At the moment, if former claimants lose their job, or leave it, they return to a lower rate of IB, whose basic rate ranges from £55.90 to £74.15 a week.

The number of those claiming the benefit had risen steadily until 2003, although it fell by 22,000 last year, prompting hopes that the Government had stemmed the increase.

Tony Blair has set a target of helping up to a million people on IB back into work through "firm but fair" reforms to the benefit, which is seen by some claimants as a socially acceptable alternative to jobseekers' allowance.

In other announcements, the Chancellor said he wanted to build on the 40 per cent increase since 1997 in numbers of single parents with jobs by extending the £2,000 first-year bonus paid to lone parents who return to work. Centres will be developed in areas of high unemployment among ethnic minorities where the jobless can pick up vocational qualifications or develop business ideas.

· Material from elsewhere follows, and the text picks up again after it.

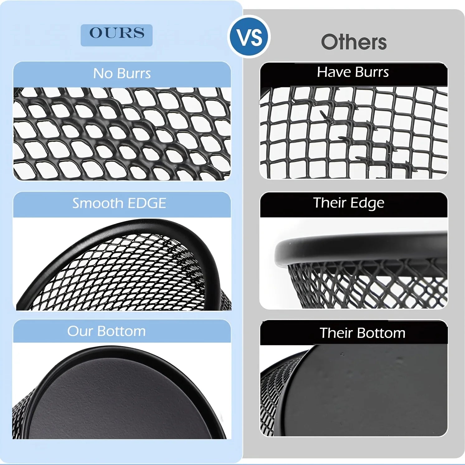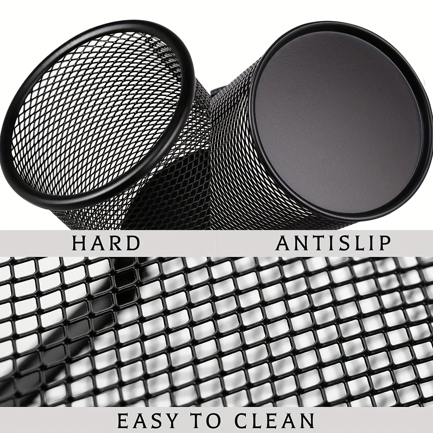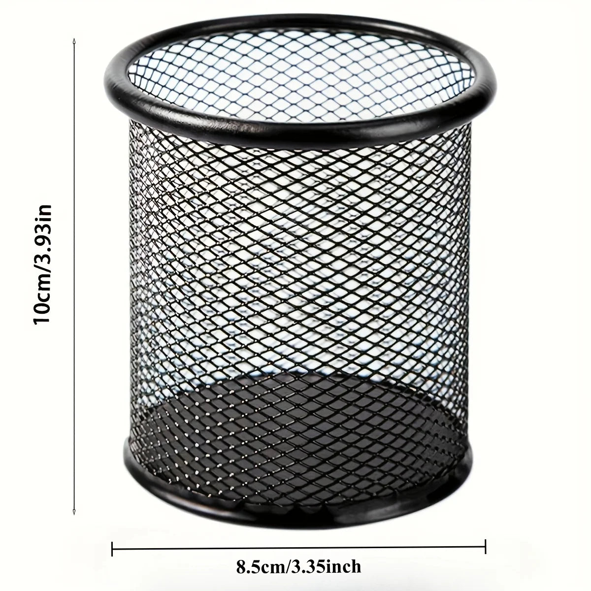4pcs Black Metal Wire Mesh Pen Holders - Round Desk Organizer with Open-Top Design, for Office & Home Desktop Storage

Gordon Brown set out plans for a TUC union academy, offering training courses for workers at all levels, and allocated £65m for a scheme under which workers receive paid time off to learn new skills.

Official figures yesterday showed unemployment increased by 22,000 in the quarter to January and more than one million manufacturing jobs had been lost since Labour came to power. But Mr Brown said a record number of people were in work and as a result social security bills for unemployment had been halved over the past eight years. The Chancellor said he was on track to implement cuts to the Civil Service. More than 12,000 jobs have already been axed and another 7,800 relocated away from London and the South-east.

Derek Simpson, general secretary of Amicus, said: "This is a budget for jobs and job security. Gordon Brown is bending over backwards to make UK industry competitive.

"Employers now need to get on board and invest in training their workforce, research and development and improved productivity."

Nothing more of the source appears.